La Fédération des fonctionnaires campait devant la province Nord, hier. Motif : deux emplois ont été pourvus par des candidatures venues de Métropole. L’exécutif provincial avait réagi dès mercredi matin en justifiant ces embauches et en rappelant sa notion de l’emploi local.
«Notre souci de préserver l’emploi local nous interdit d’accepter la nomination d’un expatrié sur un poste qui doit revenir à un local dont le niveau et les compétences ne sont plus à démontrer. » Dans un courrier adressé au président de la province Nord, la Fédération des fonctionnaires prend clairement position contre la récente embauche de deux Métropolitains aux postes de directeur des ressources humaines et de responsable du service informatique (1).

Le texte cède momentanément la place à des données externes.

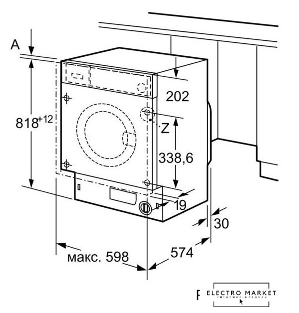 встраиваемая, стиральная машина, загрузка до 7 кг, отжим 1400 об/мин, глубина 57.4 см, энергопотребление A
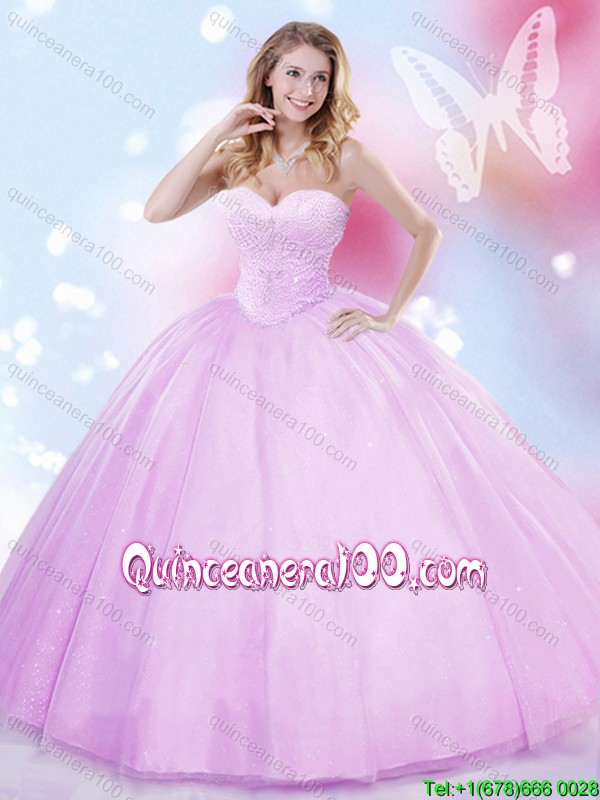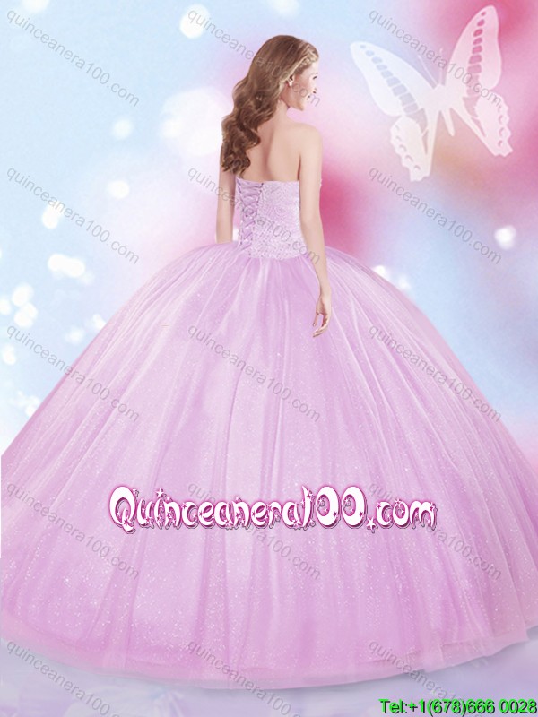Romantic Beaded Lilac Big Puffy Sweet 16 Dress in Tulle

Cette dernière affaire semble d’ailleurs avoir été la goutte d’eau qui fait déborder le vase.
Pour l’organisation syndicale, « il est inacceptable qu’un fonctionnaire du cadre territorial, qui a été responsable de la cellule informatique de la province Nord pendant sept ans, soit retiré de ses fonctions sans justification motivée et avérée ». Pour montrer son désaccord, elle a organisé un débrayage d’une heure le 8 juillet, avant de rencontrer les secrétaires généraux vendredi dernier. De son côté, l’exécutif provincial n’a pas attendu la journée de grève pour réagir. Dès mercredi, Victor Tutugoro tapait du poing sur la table. « On nous fait le procès à nous qui relevons du FLNKS, porteur de la notion d’emploi local, de recourir à des expatriés. C’est un peu dur à avaler. »
« L’emploi local ne doit pas se faire au détriment de la compétence »
Parlant « d’attaque cultivée par un certain nombre d’organisations syndicales et d’opposants politiques en vue des élections provinciales », le vice-président de la province insiste sur la notion même d’emploi local dans la collectivité provinciale : « Non seulement il faut être citoyen calédonien, donc inscrit sur la liste spéciale, mais il faut aussi vouloir travailler dans le Nord. » Et de rappeler que « l’exécutif entend exercer librement sa compétence en matière de recrutement et qu’il ne subira, ni n’acceptera de pressions externes », avant de marteler que « l’emploi local ne doit pas se faire au détriment de la compétence ».
Pour Victor Tutugoro, « il y a un certain nombre de jeunes Kanak, diplômés, qui ont peur de prendre des responsabilités ». Concernant les deux cas qui posent problème, Christophe Chalier, le secrétaire général adjoint, explique : « Le poste de DRH a été vacant de 2002 à 2007, ce qui n’a pas manqué de poser un certain nombre de problèmes à l’administration provinciale. Il a ensuite été pourvu jusqu’en février 2008, date à laquelle la personne qui occupait ce poste a démissionné. Parmi les candidatures reçues, celle qui a été retenue correspondait parfaitement à nos besoins. »
Les syndicats militent pourtant pour deux autres candidatures, celles d’une DRH de France Télécom originaire de Calédonie mais en Métropole depuis trente ans et d’un agent territorial déjà en poste. « La candidate née en Calédonie postulait en province Nord pour une question de rapprochement familial, ce qui n’est pas une motivation suffisante », dira Marie-José Consigny, la secrétaire générale. « Dans les deux cas, nous avons affaire à des candidats qui ne sont pas inscrits sur la liste spéciale », répète Victor Tutugoro tandis que Christophe Chalier parle « d’urgence à recruter » non sans évoquer le cas d’un profil idéal au sein même de la province « mais qui ne souhaite pas assumer ces responsabilités maintenant ».
De son côté, José Caunes, représentant local de la Fédération des fonctionnaires, persiste et signe. « Nous ne sommes pas d’accord avec le fait que quelqu’un né en Calédonie et parti travailler ailleurs ne bénéficie pas du dispositif emploi local sous prétexte qu’il n’est pas inscrit sur la liste spéciale. Les jeunes partent se former en Métropole, y restent un peu pour acquérir de l’expérience. Ils doivent pouvoir revenir travailler sur le territoire. » Le représentant de la Fédération des fonctionnaires, qui n’exclut pas une action commune avec l’USTKE, attend le retour du président Néaoutyine sur le territoire « pour débattre du sujet ».
(1) Le premier, qui vient de la fonction publique, arrive de Troyes où il exerçait la fonction de secrétaire général adjoint et bénéficie d’un détachement de cinq ans. Le second est ingénieur informatique et a un contrat de trois ans.